There is a package called captive, which is a wrapper for the Windows ntfs filesystem software, so you get full windows functions but its been unmaintained for a while now. You can expect bit rot to set in.

Don't try either of them on a filesystem thats not expendable.

----------

## Kasumi_Ninja

Thanks for the quick and clear answer! I have one question left; what would you advice me to use as filesystem? I have a large hardisk (250GB) divided into three partitions. I would like to use a fast filesystem ( I am using fat32 now) with the possibility to easily recover files. As far as I know none of linux filesystems (reiserfs, ext and xfs) offer the possibilty to easily recover files (in comparision to ntfs, fat32). As i have found out the hard way with my reiserfs parttion   :Crying or Very sad: 

----------

## NeddySeagoon

HXC,

No journalled filesystem makes it easy to recover files and Linux deliberately does not have an undelete function.

You would be able to undelete any users files and that would be a security issue.

It you want to recover files you deleted accidently, ext2 is better than ext3 but a 250Gb filesystem will take hours (days ?) to fsck after a power loss.

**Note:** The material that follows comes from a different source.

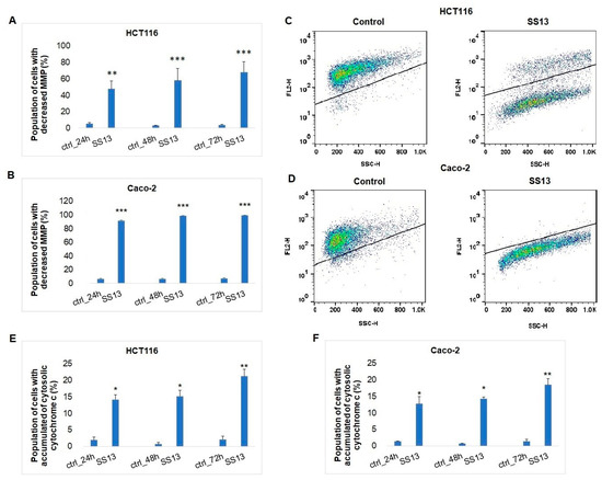 Apoptosis is a process that occurs through two main pathways, the intrinsic mitochondrial pathway and the extrinsic pathway mediated by death receptors. In the intrinsic pathway of apoptosis, the permeability of the outer mitochondrial membrane and the subsequent release of apoptogenic proteins into the cytosol increase. A key indicator of mitochondrial activity is the mitochondrial membrane potential. An MMP reduction is associated with mitochondrial damage and the release of cytochrome c from the intermembrane mitochondrial space [27]. We noticed a significant increase in the number of HCT116 (Figure 7A,C) and Caco-2 cells (Figure 7B,D) with reduced MMP in a time-dependent manner after SS13 treatment.

You should back up your important data

----------

## arwing

 *HXC wrote:*   

> Thanks for the quick and clear answer! I have one question left; what would you advice me to use as filesystem? 

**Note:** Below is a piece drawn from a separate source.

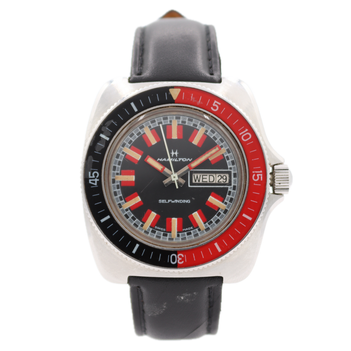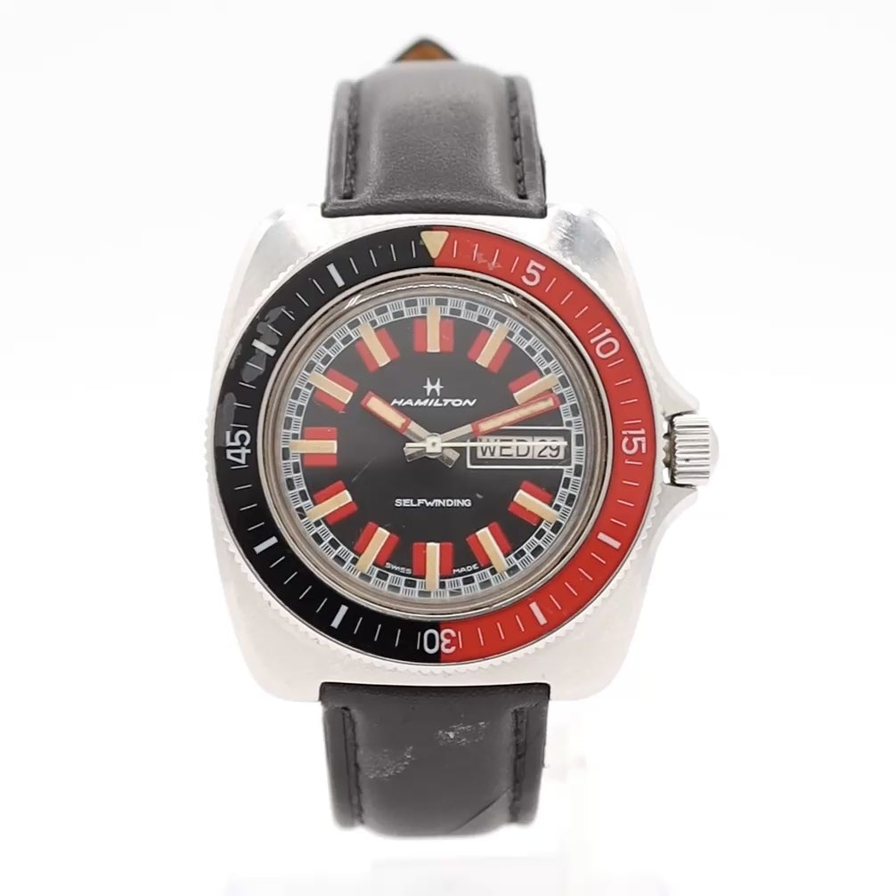The Hamilton Racing Dial Diver (Reference 826016-3) is a vintage timepiece from the 1970s known for its distinctive, colorful design and robust construction. It is often recognized for featuring a "racing" style dial and was produced during a period when Hamilton experimented with modern, vibrant, and unconventional styles.

  This depends on what you plan to put on these partitions.

What I gather, ext3 is a good general purpose Linux fs, reiserfs is the best for many very small files, and xfs is best for large files.  Fat32 is best for reading and writing to files from both linux and windows, but if you don't have a need to read files from both Linux and Windows you should stay clear of it.  NTFS is best for files you will only need to modify in windows.

For me, the fear of file corruption outweighs the need to undelete files, thus a journalled FS is best choice.  

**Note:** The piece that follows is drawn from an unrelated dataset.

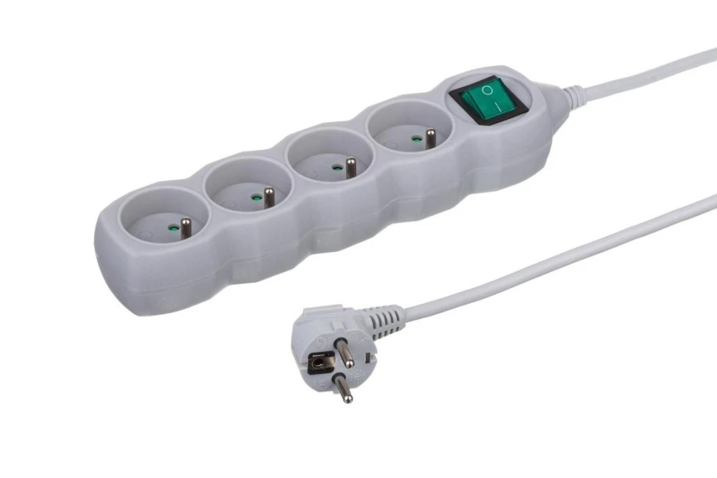 Przedłużacz 4-gniazdowy, 5m szary, z wyłącznikiem, 3x1,0mm OWY 24385

I have a 15GB reiserfs for gentoo, 15gb NTFS for windows, one really big XFS and one really big FAT32.

----------

## clintpatty

[quote="arwing"] *HXC wrote:*   

> What I gather, ext3 is a good general purpose Linux fs, reiserfs is the best for many very small files, and xfs is best for large files.

 

I read this too.  For me, XFS outperforms ext3 for large files.  However, ext3 with full journaling, journal data mode, b tree hashing, etc optimizations beats Reiser3.

----------

## Kasumi_Ninja

After reading lots of information I finally decided to use ext3.This thread did em decide to use ext3:

https://forums.gentoo.org/viewtopic-t-305871-highlight-ext2+tune2fs.html

----------

## pilo

Actually, there is a FUSE-module to enable more write support with NTFS.

See http://wiki.linux-ntfs.org/doku.php?id=ntfsmount

----------

## Kasumi_Ninja

Xandros 4 will support ntfs read-write:

 *Quote:*   

> NTFS
> 
> Now you can read and write to a Windows NTFS partition.

 

Source:[url] http://www.xandros.com/ads/preorder_desktop.html?utm_source=xandroshomepage&utm_medium=rotatingbanner&utm_term=&utm_content=preorder&utm_campaign=desktoppremium[/url]

----------

## dballanc

I don't know if it would help you, but on my dual boot machine I've had a lot of luck using a shared ext3 partition for data.  The driver for XP at www.fs-driver.org has worked well so far.  It doesn't have permissions support, but it's good enough for my needs. .

----------

## Kasumi_Ninja

 *dballanc wrote:*   

> I don't know if it would help you, but on my dual boot machine I've had a lot of luck using a shared ext3 partition for data.  The driver for XP at www.fs-driver.org has worked well so far.  It doesn't have permissions support, but it's good enough for my needs. .

 

I now use a heavily optimized ext3 partition. Thanks for the link it looks like agood driver for XP  :Smile: 

----------

## pilo

Just for variety: EXT2IFS

Has worked pretty good for me, but I recall some trouble when I tried it with XP SP2.

----------

## rada

EXT2IFS works well for me as well but everytime I mount it in Windows then boot back into Gentoo a fsck is done which takes upwards of 10mins on my ~200GB partition.  Is there any way around this?

----------